2017-06-01 45 views
0

我是R的新用户,并且正在尝试创建数据框的多个子采样。我将我的数据分配到4层(STRATUM = 1,2,3,4),并且希望在每个层中只保留指定数量的行。为了实现这一点,我导入我的数据,按分层值排序,然后为每行分配一个随机数。我想保留我原来的随机数字分配,因为我需要在未来的分析中再次使用它们,所以我用这些值保存了一个.csv。接下来,我按他们的层次对数据进行分组,然后指定我想要在每个层中保留的记录数。最后,我重新加入数据并保存为新的.csv。代码有效,但是,我想重复这个过程100次。在每种情况下,我想要保存带有随机数字的.csv,以及最终的.csv随机选择的图。我不确定如何让这段代码重复100次,以及如何为每次迭代分配一个唯一的文件名。任何帮助将非常感激。

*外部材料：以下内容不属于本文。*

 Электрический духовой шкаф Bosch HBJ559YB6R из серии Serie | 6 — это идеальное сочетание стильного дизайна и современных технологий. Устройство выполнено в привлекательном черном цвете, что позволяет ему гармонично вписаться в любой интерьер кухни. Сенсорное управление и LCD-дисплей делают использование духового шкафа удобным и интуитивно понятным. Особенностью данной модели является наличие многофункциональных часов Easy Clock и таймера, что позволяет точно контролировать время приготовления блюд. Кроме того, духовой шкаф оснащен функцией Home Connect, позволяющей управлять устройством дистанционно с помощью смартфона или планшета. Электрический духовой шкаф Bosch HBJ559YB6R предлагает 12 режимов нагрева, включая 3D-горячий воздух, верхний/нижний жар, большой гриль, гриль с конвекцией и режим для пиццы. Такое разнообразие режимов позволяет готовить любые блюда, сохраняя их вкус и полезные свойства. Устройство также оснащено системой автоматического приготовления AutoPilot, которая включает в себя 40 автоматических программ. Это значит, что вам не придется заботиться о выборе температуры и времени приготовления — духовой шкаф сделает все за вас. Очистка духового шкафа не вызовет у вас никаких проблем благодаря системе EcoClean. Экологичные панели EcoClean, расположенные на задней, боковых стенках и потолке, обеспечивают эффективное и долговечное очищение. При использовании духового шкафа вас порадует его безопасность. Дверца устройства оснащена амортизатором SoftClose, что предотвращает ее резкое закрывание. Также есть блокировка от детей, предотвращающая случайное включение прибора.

R - 如何使用新的随机数字重复数据帧处理100x并绘制删除

DataFiles <- "//Documents/flownData_JR.csv" 
PlotsFlown <- read.table (file = DataFiles, header = TRUE, sep = ",") 
#Sort the data by the stratification 
FlownStratSort <- PlotsFlown[order(PlotsFlown$STRATUM),] 
#Create a new column with a random number (no duplicates) 
FlownStratSort$RAND_NUM <- sample(137, size = nrow(FlownStratSort), replace = FALSE) 
#Sort by the stratum, then random number 
FLOWNRAND <- FlownStratSort[order(FlownStratSort$STRATUM,FlownStratSort$RAND_NUM),] 
#Save a csv file with the random numbers 
write.table(FLOWNRAND, file = "//Documents/RANDNUM1_JR.csv", sep = ",", row.names = FALSE, col.names = TRUE) 
#Subset the data by stratum 
FLOWNRAND1 <- FLOWNRAND[which(FLOWNRAND$STRATUM=='1'),] 
FLOWNRAND2 <- FLOWNRAND[which(FLOWNRAND$STRATUM=='2'),] 
FLOWNRAND3 <- FLOWNRAND[which(FLOWNRAND$STRATUM=='3'),] 
FLOWNRAND4 <- FLOWNRAND[which(FLOWNRAND$STRATUM=='4'),] 
#Remove data from each stratum, specifying the number of records we want to retain 
FLOWNRAND1 <- FLOWNRAND1[1:34, ] 
FLOWNRAND2 <- FLOWNRAND2[1:21, ] 
FLOWNRAND3 <- FLOWNRAND3[1:7, ] 
FLOWNRAND4 <- FLOWNRAND4[1:7, ] 
#Rejoin the data 
FLOWNRAND_uneven <- rbind(FLOWNRAND1, FLOWNRAND2, FLOWNRAND3, FLOWNRAND4) 
#Save the table with plots removed from each stratum flown in 2017 
write.table(FLOWNRAND_uneven, file = "//Documents/Flown_RAND_uneven_JR.csv", sep = ",", row.names = FALSE, col.names = TRUE) 

回答

0

这里有一个data.table解决方案,如果你只需要知道哪些行是在每一组。

library(data.table) 
df <- data.table(dat = runif(100), 
       stratum = sample(1:4, 100, replace = T)) 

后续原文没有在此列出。